It was the last problem that I had tried yesterday afternoon, but the big undercling to start with under the roof was very humid and each time I arrived right hand on a very bad sloper with humid fingertips, making it greasy after some time until it became impossible to pull on it for the far move left hand.
This morning, the boulder still felt cold from the night before and the friction on the key sloper was nearly perfect.
I had been able to do all the moves yesterday, and being fresh and ready for it, I felt confident.
Besides, as the undercling under the roof was big enough, I decided to use my towel between my hands and the still wet hold. Bummer that I didn't think of that yesterday.
At least now I could arrive with dry fingers on the crux sloper.

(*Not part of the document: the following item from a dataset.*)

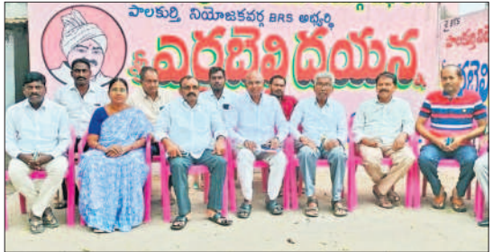
రాయపల్లిలో మాట్లాడుతున్న బీఆర్ఎస్ నాయకులు

My only concern was camera placement.
En route to Cuisinière in the morning.
Due to the still quite low sun and the tight spot, I couldn't find a decent place to put the camera where it could capture the whole boulder without being blinded by the low sunlight.
I don't like to use my phone as a second camera, because it's always a fuss getting it onto my computer and the quality is different, but here I had no other option.
It's not the kind of problem that I would be able to do twice in a row. It felt too physical for that.
But hey, that was a problem for later, which is now actually already done, and it wasn't that bad after all.
"Lady of the Lake" was originally opened as a 7C, but has been downgraded to 7B in the meantime.
I do agree that it's not 7C, but it definitely felt like 7B+.
I'm surprised though that it only has 10 registered repeats, including mine.
It lies at only 3m from the oh so popular "Excalibur" and "Beatle Juice", that have 203 and 309 repeats respectively.
Maybe it's because of the starting hold being mostly wet? I don't know.
It definitely deserves more than the mere two stars it received on bleau.info. I really liked doing "Lady of the Lake"!